Solve for Hermitian PSD with non-linear objective in JuMP

I am new to using JuMP, and was hoping for some help. I am trying to estimate the elements of a matrix that is:

  • Hermitian (in general complex numbers)
  • Semi-positive definite
  • diagonal elements are >= 0
  • trace == 1

After reading a good portion of the docs and googling, I think I understands how to define the variables and constraints (given that JuMP only accepts real variables), so that for A = AR + i AI,

@variable(model, AR[1:4,1:4], Symmetric)
@variable(model, AI[1:4,1:4] in SkewSymmetricMatrixSpace())
@constraint(model, [AR AI; -AI AR] in JuMP.PSDCone())
@constraint(model, conAR[i = 1:4], AR[i,i] >= 0)
@constraint(model, conAI[i = 1:4], AI[i,i] == 0)
@constraint(model, sum(AR[i,i] for i in 1:4) == 1)

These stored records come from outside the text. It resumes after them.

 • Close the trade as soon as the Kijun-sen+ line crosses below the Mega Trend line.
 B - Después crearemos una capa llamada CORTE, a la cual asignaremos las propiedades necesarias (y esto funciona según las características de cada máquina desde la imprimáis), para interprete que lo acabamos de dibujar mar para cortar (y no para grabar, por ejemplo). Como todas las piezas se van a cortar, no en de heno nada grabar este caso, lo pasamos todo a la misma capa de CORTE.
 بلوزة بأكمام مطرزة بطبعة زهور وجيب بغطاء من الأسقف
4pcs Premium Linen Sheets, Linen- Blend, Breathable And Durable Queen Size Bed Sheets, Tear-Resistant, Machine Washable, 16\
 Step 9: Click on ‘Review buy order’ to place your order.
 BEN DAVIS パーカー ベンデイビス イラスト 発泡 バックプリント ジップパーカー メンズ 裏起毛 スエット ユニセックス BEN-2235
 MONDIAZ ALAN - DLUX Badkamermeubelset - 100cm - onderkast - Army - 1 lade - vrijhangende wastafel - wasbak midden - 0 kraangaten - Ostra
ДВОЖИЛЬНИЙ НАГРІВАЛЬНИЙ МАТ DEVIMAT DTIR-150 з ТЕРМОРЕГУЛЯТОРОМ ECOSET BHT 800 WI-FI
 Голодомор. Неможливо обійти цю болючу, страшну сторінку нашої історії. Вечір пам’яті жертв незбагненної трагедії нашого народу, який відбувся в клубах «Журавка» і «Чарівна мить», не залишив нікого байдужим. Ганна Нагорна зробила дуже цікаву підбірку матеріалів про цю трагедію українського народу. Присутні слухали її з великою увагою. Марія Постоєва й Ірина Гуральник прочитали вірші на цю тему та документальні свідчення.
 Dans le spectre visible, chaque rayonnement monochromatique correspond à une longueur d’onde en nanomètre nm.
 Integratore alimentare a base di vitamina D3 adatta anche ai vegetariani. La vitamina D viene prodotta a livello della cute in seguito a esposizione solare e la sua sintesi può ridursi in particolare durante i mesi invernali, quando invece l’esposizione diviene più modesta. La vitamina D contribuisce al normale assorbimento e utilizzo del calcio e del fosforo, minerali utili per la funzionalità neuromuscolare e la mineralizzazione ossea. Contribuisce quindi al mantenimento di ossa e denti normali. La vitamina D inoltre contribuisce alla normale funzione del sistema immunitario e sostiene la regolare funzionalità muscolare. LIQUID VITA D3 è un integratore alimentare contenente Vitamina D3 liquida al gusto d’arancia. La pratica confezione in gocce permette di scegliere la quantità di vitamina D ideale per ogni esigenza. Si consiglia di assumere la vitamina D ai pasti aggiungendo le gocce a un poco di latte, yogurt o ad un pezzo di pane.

However, the objective function I am maximizing is non-linear (but well-behaved, differentiable). I am not an expert in complicated optimization problems, but from the documentation, there do not seem to be any solvers that advertise working for both non-linear and semi-definite programing. Does anyone have a suggestion for a solver for this problem? I’ve tried a few, but everything has protested… can I simply not include the PSD constraints in a non-linear problem?

Thanks in advance!

I don’t think any solver supports PSD+nonlinear directly.

If the objective function is convex, reformulate it as a conic optimization problem.

If the objective function is non-convex, you’re out-of-luck. You could try forming a convex approximation of the objective function to generate local solutions. Or you could try and rewrite the PSD constraint as a nonlinear user-defined function Nonlinear Modeling · JuMP (e.g., eigen(x...) >= 0). I don’t have any experience doing so, but others may have.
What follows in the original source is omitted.